Calculate XC potential matrix.

Args:

mol : an instance of Mole

ao
: ([4/10,] ngrids, nao) ndarray
2D array of shape (N,nao) for LDA, 3D array of shape (4,N,nao) for GGA or (10,N,nao) for meta-GGA. N is the number of grids, nao is the number of AO functions. If xctype is GGA, ao[0] is AO value and ao[1:3] are the real space gradients. If xctype is meta-GGA, ao[4:10] are second derivatives of ao values.
weight
: 1D array
Integral weights on grids.
rho
: ([4/6,] ngrids) ndarray

Shape of ((,N)) for electron density (and derivatives) if spin = 0; Shape of ((,N),(,N)) for alpha/beta electron density (and derivatives) if spin > 0; where N is number of grids. rho (,N) are ordered as (den,grad_x,grad_y,grad_z,laplacian,tau) where grad_x = d/dx den, laplacian = nabla^2 den, tau = 1/2(nabla f)^2 In spin unrestricted case, rho is ((den_u,grad_xu,grad_yu,grad_zu,laplacian_u,tau_u)

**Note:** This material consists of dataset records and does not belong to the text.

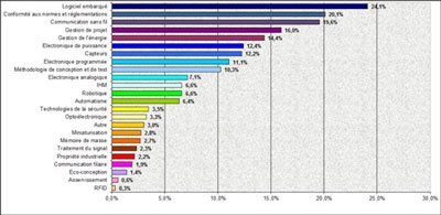 Le logiciel embarqué, au cœur de la numérisation des produits, reste sans surprise, le sujet le plus suivi (24%) lors des séminaires. Viennent ensuite les sujets traitant de la conformité aux normes et aux réglementations (20%) qui portent notamment sur le marquage CE et la Compatibilité Electromagnétique (CEM) et qui conditionnent directement une mise sur le marché réussie.
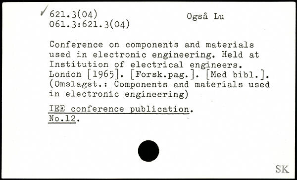 Conference on components and materials used in electronic engineering. Held at Institution of electrical engineers.
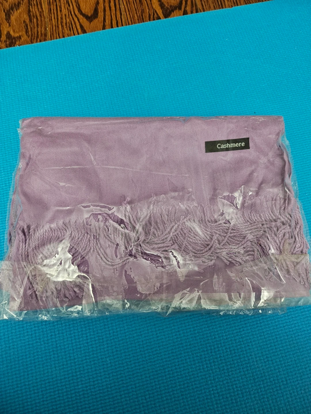 💜Selling a good Quality brand new cashmere scarf still in its original packaging! It's a beautiful lilac colour, perfect for adding a touch of elegance to any outfit. The scarf is made of Super Soft cashmere and features a fringed edge.
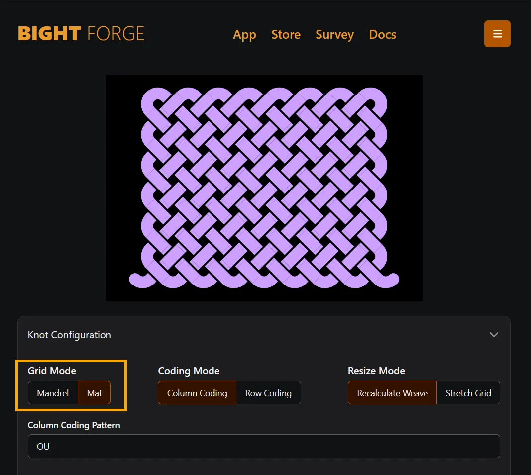 Bight Forge can generate knots tied on a mandrel or as a mat. Use the Grid Mode toggle to switch grids.
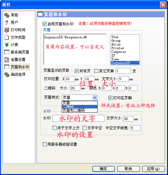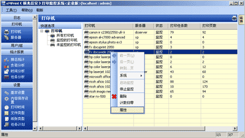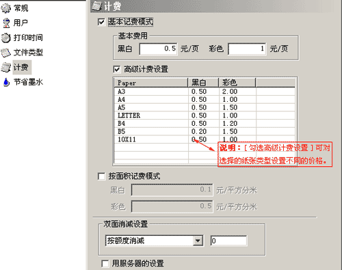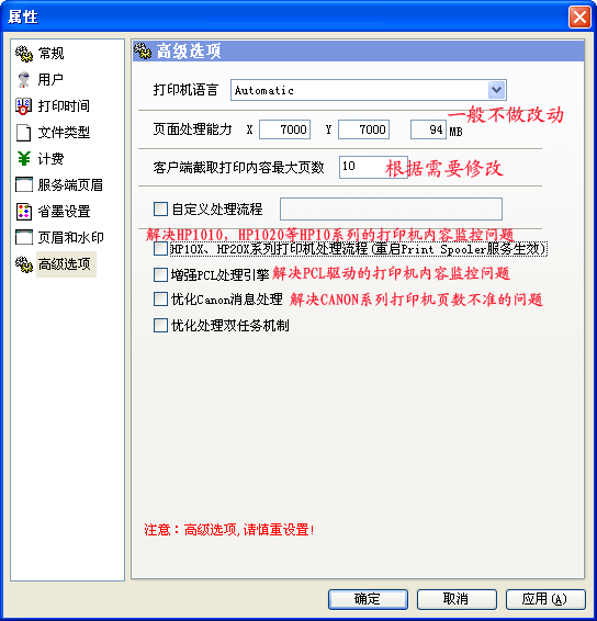 针对某些特殊的打印机型,可以在高级选项中做设置,实现打印数量及打印内容的准确监控。
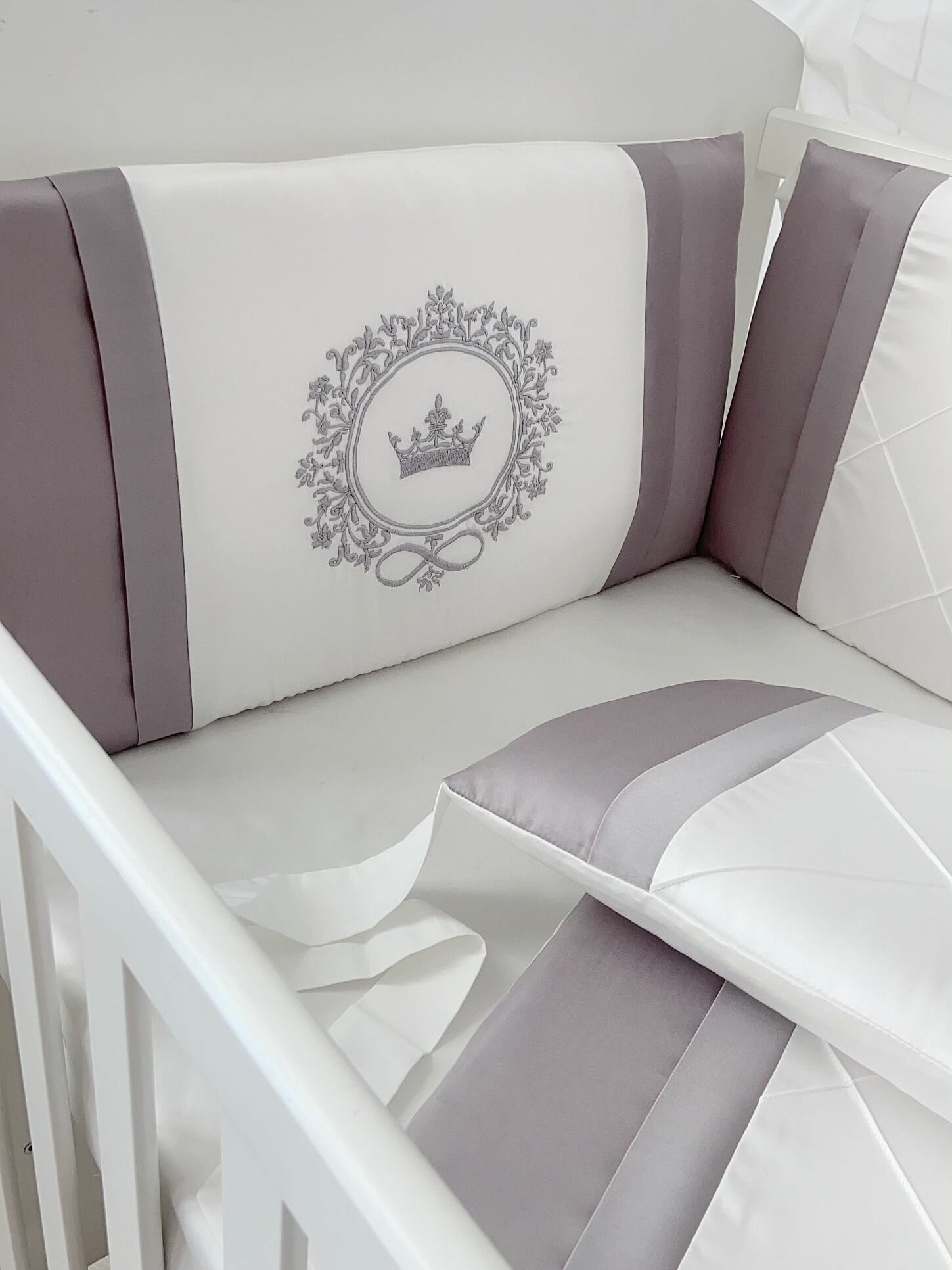 СохранитьБортики в кроватку для новорожденного "Вдохновение", серый, 6 подушек на всю кроватку 120*60 см 125*65 см, однотонный, сатин, KrisFi интересное:

(den_d,grad_xd,grad_yd,grad_zd,laplacian_d,tau_d))
vxc
: ([4,] ngrids) ndarray
XC potential value on each grid = (vrho, vsigma, vlapl, vtau) vsigma is GGA potential value on each grid. If the kwarg spin != 0, a list [vsigma_uu,vsigma_ud] is required.
Kwargs:
xctype
: str
LDA/GGA/mGGA. It affects the shape of ao and rho
non0tab
: 2D bool array
mask array to indicate whether the AO values are zero. The mask array can be obtained by calling make_mask()
spin
: int
If not 0, the returned matrix is the Vxc matrix of alpha-spin. It is computed with the spin non-degenerated UKS formula.
Returns:
XC potential matrix in 2D array of shape (nao,nao) where nao is the number of AO functions.
pyscf.dft.numint.eval_rho(mol, ao, dm, non0tab=None, xctype='LDA', hermi=0, verbose=None)[source]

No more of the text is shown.